» **Problem to work on**: Exactly the lines below, starting with the one containing "Dolce & Gabbana" and going on through the one containing "От сборки модели", must be reproduced, both ends included, and no pictures with them.

» **Data for review**:
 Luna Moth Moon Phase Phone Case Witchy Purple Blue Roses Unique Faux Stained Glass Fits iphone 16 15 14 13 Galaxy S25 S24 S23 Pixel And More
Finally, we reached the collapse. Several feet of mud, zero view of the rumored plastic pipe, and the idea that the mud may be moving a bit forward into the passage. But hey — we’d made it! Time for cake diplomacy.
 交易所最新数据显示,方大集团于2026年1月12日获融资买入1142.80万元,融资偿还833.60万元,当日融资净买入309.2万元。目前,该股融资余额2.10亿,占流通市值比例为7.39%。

---

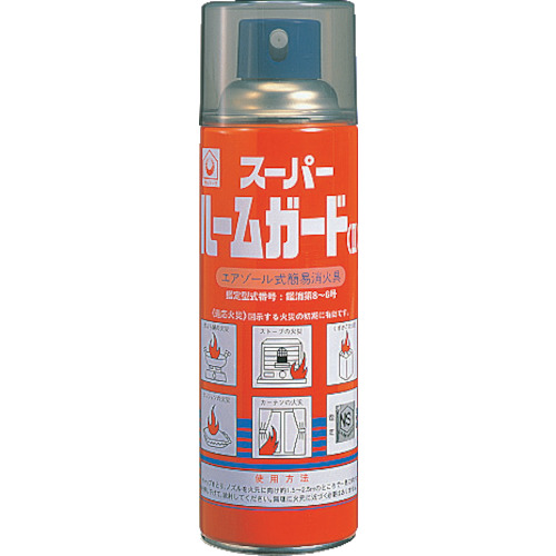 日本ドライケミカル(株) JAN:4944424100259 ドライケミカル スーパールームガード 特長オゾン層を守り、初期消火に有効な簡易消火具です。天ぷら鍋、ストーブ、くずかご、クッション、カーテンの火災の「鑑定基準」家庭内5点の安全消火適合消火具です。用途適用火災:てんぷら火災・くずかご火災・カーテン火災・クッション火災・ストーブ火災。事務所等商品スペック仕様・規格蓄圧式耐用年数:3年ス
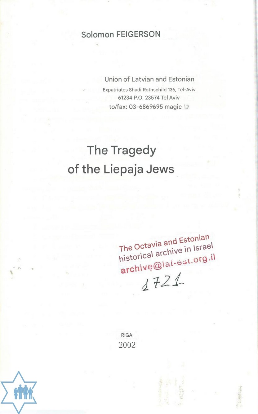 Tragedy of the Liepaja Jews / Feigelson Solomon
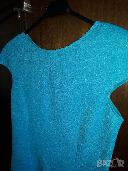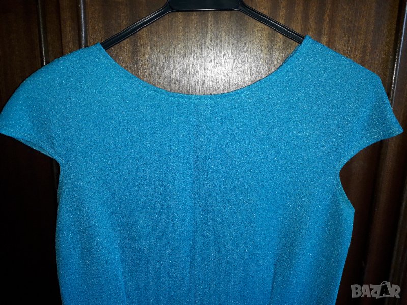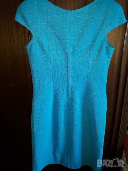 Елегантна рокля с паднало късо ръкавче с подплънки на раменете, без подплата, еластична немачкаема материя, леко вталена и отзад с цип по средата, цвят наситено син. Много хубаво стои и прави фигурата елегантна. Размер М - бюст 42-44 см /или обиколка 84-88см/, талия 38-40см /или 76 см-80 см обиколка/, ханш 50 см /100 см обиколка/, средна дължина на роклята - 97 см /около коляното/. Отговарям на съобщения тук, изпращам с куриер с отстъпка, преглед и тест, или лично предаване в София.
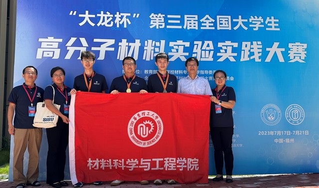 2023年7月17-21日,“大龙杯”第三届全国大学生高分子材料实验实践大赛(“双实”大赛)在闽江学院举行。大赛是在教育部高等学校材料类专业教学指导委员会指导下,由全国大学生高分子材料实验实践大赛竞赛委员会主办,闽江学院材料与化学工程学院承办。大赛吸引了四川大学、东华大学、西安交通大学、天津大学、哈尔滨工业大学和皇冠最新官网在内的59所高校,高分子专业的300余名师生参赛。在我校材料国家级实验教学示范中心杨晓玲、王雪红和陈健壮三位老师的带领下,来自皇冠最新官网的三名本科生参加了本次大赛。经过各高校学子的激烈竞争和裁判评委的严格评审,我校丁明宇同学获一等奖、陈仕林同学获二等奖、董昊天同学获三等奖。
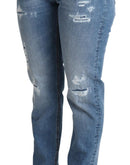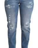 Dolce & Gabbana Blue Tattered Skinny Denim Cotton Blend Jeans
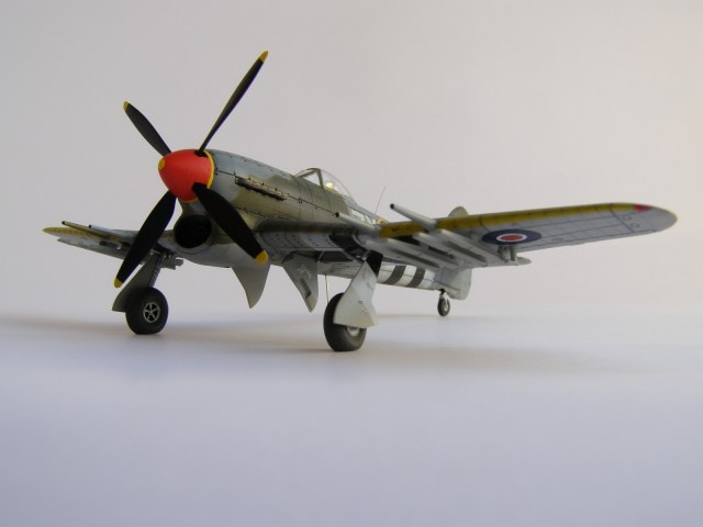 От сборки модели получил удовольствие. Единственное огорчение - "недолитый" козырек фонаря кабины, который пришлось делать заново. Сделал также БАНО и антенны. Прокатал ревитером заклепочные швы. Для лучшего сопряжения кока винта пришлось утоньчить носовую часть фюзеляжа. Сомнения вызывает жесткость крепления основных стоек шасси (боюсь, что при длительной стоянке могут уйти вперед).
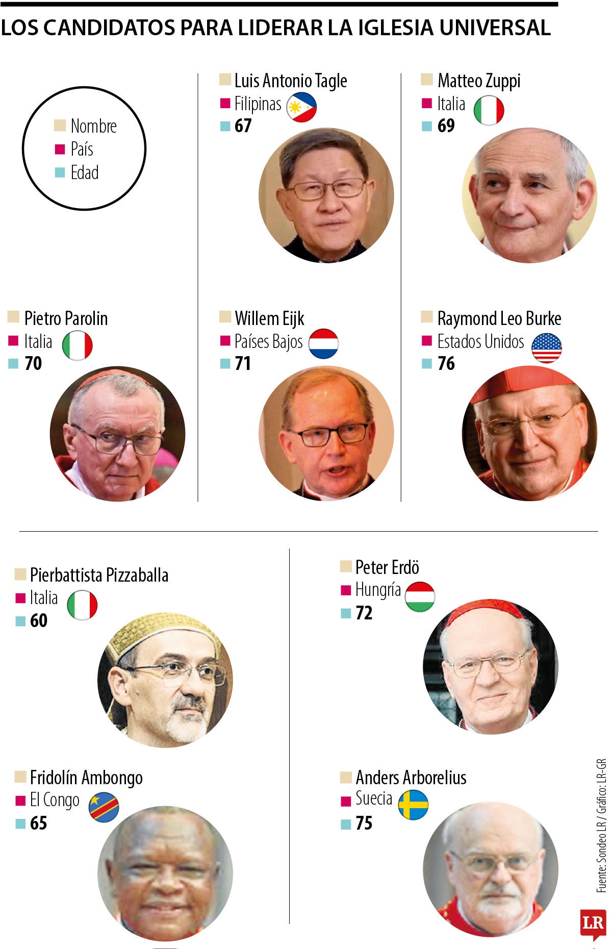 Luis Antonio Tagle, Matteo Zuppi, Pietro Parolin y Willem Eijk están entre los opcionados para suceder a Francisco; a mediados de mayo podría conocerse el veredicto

* * *

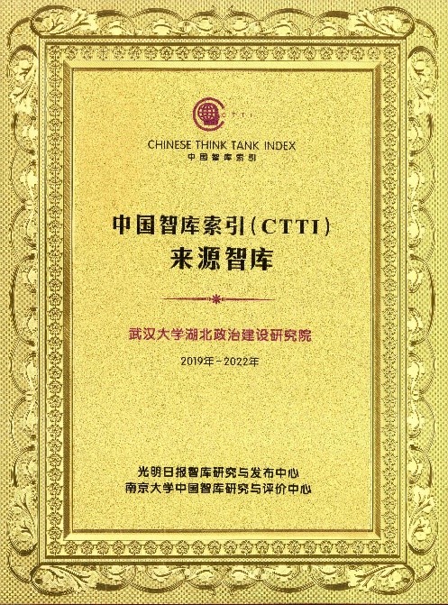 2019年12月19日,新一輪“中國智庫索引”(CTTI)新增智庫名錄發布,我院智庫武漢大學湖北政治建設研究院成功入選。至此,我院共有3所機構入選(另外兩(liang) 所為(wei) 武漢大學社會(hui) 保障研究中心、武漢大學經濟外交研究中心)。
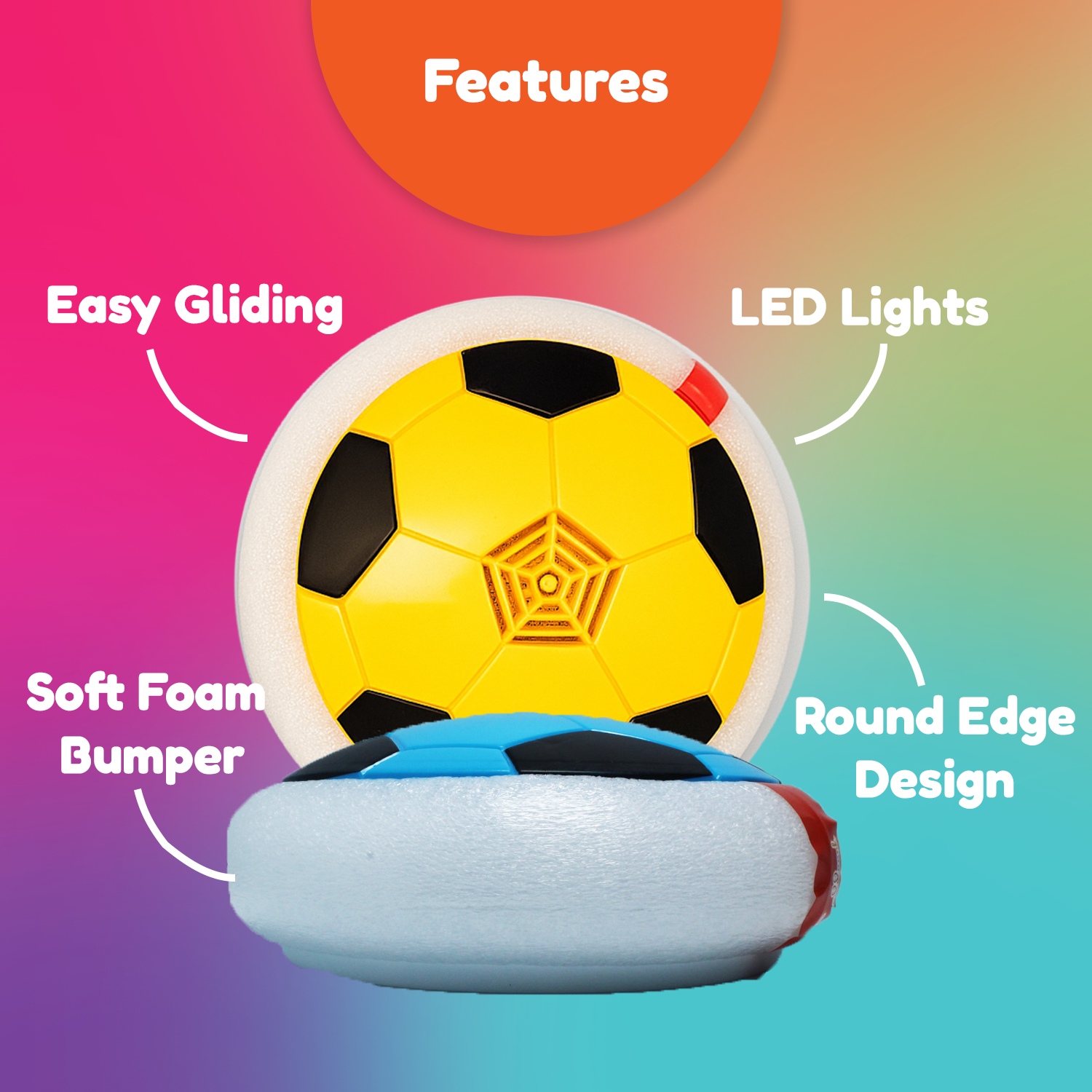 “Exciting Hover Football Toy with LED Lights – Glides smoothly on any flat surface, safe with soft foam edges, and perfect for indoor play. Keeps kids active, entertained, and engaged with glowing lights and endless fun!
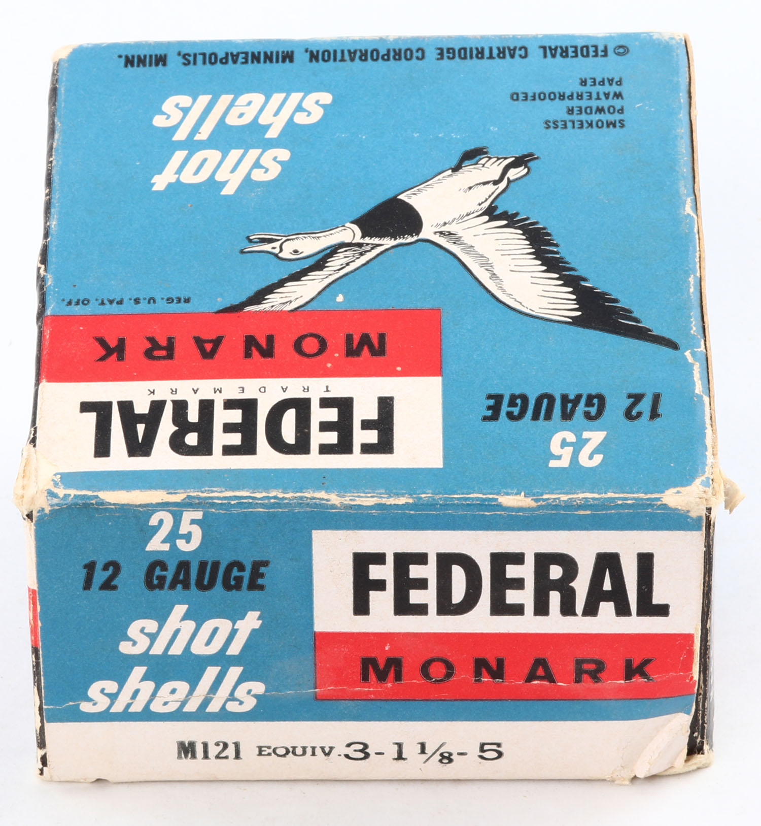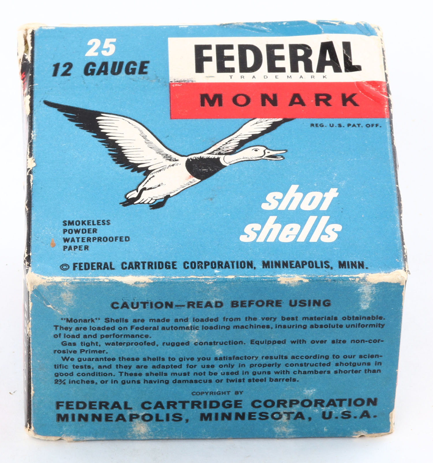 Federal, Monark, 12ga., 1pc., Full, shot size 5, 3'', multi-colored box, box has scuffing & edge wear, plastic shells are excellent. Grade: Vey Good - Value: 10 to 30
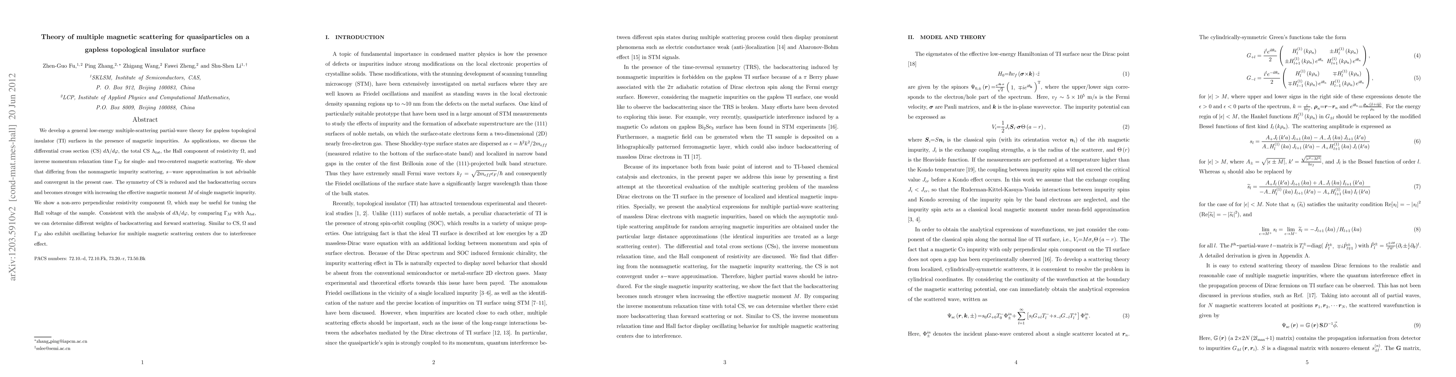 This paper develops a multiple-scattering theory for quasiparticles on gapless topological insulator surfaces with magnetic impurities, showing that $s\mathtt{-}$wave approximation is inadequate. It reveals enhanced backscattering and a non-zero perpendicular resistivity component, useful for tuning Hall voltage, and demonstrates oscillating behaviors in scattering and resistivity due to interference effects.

» **Result of this exercise**:
 Dolce & Gabbana Blue Tattered Skinny Denim Cotton Blend Jeans
 От сборки модели получил удовольствие. Единственное огорчение - "недолитый" козырек фонаря кабины, который пришлось делать заново. Сделал также БАНО и антенны. Прокатал ревитером заклепочные швы. Для лучшего сопряжения кока винта пришлось утоньчить носовую часть фюзеляжа. Сомнения вызывает жесткость крепления основных стоек шасси (боюсь, что при длительной стоянке могут уйти вперед).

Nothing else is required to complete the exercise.